If you're writing Advent of Code solutions in Rust, then I've written a crate that can fetch the user input data directly from the main website.

Long story short, you provide it a login token copied from your browser cookies, and it can fetch the input data by year and day. Inputs are cached locally, so it'll only download it once for a given problem. This was heavily inspired by the PyPi advent-of-code-data package.

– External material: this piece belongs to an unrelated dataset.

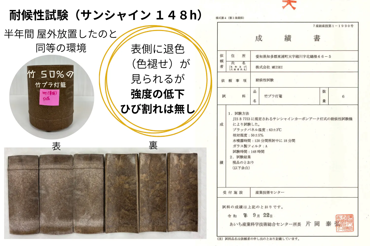 製品の品質については、公的機関による過酷な耐候性試験を実施し、半年間の屋外放置相当の負荷をかけても強度の低下やひび割れが一切起きないことを実証しました 。
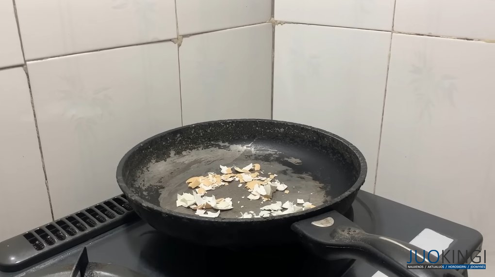 Išdžiovinkite susmulkintus kiaušinių lukštus ant vidutinės ugnies; Tai padės pašalinti visas bakterijas ar grybelius, kurie gali būti ant lukštų.

Unlike other AoC-centric Rust crates, that's all it does. The other crates I've seen all want the code structured in a specific way to add timing benchmarks, unit testing, and other features. I wanted something lightweight where you just call a function to get the input; no more and no less.

To use the crate:

  • Follow the AoCD instructions to set the AOC_SESSION environment variable.
    This key is used for authentication and should not be shared with anyone.
  • Add the aocfetch crate to your Cargo.toml [dependencies] section:
    aocfetch = { git = "https://github.com/ooterness/AdventOfCode.git" }
  • Import the crate and call aocfetch::get_data(year, day) to fetch your input data.

An example:

use aocfetch;

fn main() {
    let input = aocfetch::get_data(2023, 1).unwrap();
    println!("My input data: {}", input);
    println!("Part 1 solution: 42");    // TODO
    println!("Part 2 solution: 42");    // TODO
}

If this goes well I will submit it to crates.io, but I wanted to open this up for beta-testing first.